No jw, my name is not Janet. :laughing:


A Google search shows she does have the same initials as me though, JL.


----------



## Melissa809 (Aug 28, 2008)

LARMGUY said:


> Is this her?


No! That's ME!!! :laughing:


----------



## mattsilkwood (Sep 21, 2008)

Melissa809 said:


> No! That's ME!!! :laughing:


 Hows about dinner?:whistling2:


----------



## Melissa809 (Aug 28, 2008)

mattsilkwood said:


> Hows about dinner?:whistling2:


You are geographically undesirable...lol


----------



## mattsilkwood (Sep 21, 2008)

Melissa809 said:


> You are geographically undesirable...lol


 Over the years I have had women call me a lot of different things, I can honestly say I've never been called geographically undesirable.:laughing::thumbup:


----------



## Melissa809 (Aug 28, 2008)

lmao!
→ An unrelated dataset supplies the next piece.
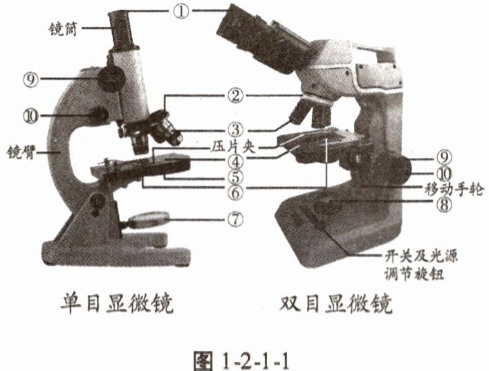 1. 实验室中常见的光学显微镜有单目显微镜和双目显微镜。它们的构造如图 1-2-1-1 所示:
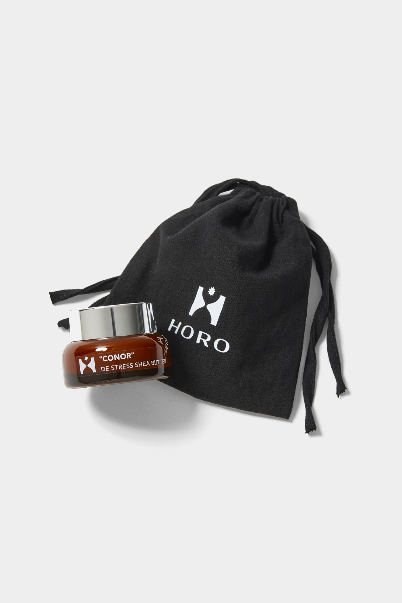 ヘアケアプロダクト〈HORO〉より、アフリカに生息するシアの木の実から採れる植物性油脂であるシアバターを配合したヘアバームCONORを別注。ジェンダーやスタイルを問わず、どんな感性にも寄り添う、毎日のルーティンに取り入れやすいプロダクト。ウッディムスクの余韻が残る、現代的で控えめなエレガンスを体現した、タイムレスな香りのプロファイルです。セット力を備えた固めのテクスチャーも魅力。

I'm no man-hater!


----------



## B4T (Feb 10, 2009)

*Sometimes you get more than you bargained for..*

Sometimes alcohol can make you braindead and blinded by something that looks too good to be true.. :laughing:


----------



## LARMGUY (Aug 22, 2010)

B4T said:


> Sometimes alcohol can make you braindead and blinded by something that looks too good to be true.. :laughing:


 
EEEEEEEEWWWWWWWW!!!!!!!!


----------



## brian john (Mar 11, 2007)

Melissa,

Are you considering hitting the road?


----------



## erics37 (May 7, 2009)

LARMGUY said:


> Is this her?


Is she wrenching around a wire with a pair of channel locks? :001_huh: And last time I checked, that is not proper PPE.



B4T said:


> Sometimes alcohol can make you braindead and blinded by something that looks too good to be true.. :laughing:


LMFAO!!!!!! Chicks with d**ks that put mine to shame


----------



## miller_elex (Jan 25, 2008)

erics37 said:


> LMFAO!!!!!! Chicks with d**ks that put mine to shame


 
TEMPTING...... very TEMPTING.....

would it make me gay if I never touched or even saw the meat on that one??

WTF? Why is this so internally conflicting?!? :blink:


That is WRONG, WRONG, WRONG, and B4t is an evil tempter!! :no:


----------



## Jlarson (Jun 28, 2009)

erics37 said:


> And last time I checked, that is not proper PPE.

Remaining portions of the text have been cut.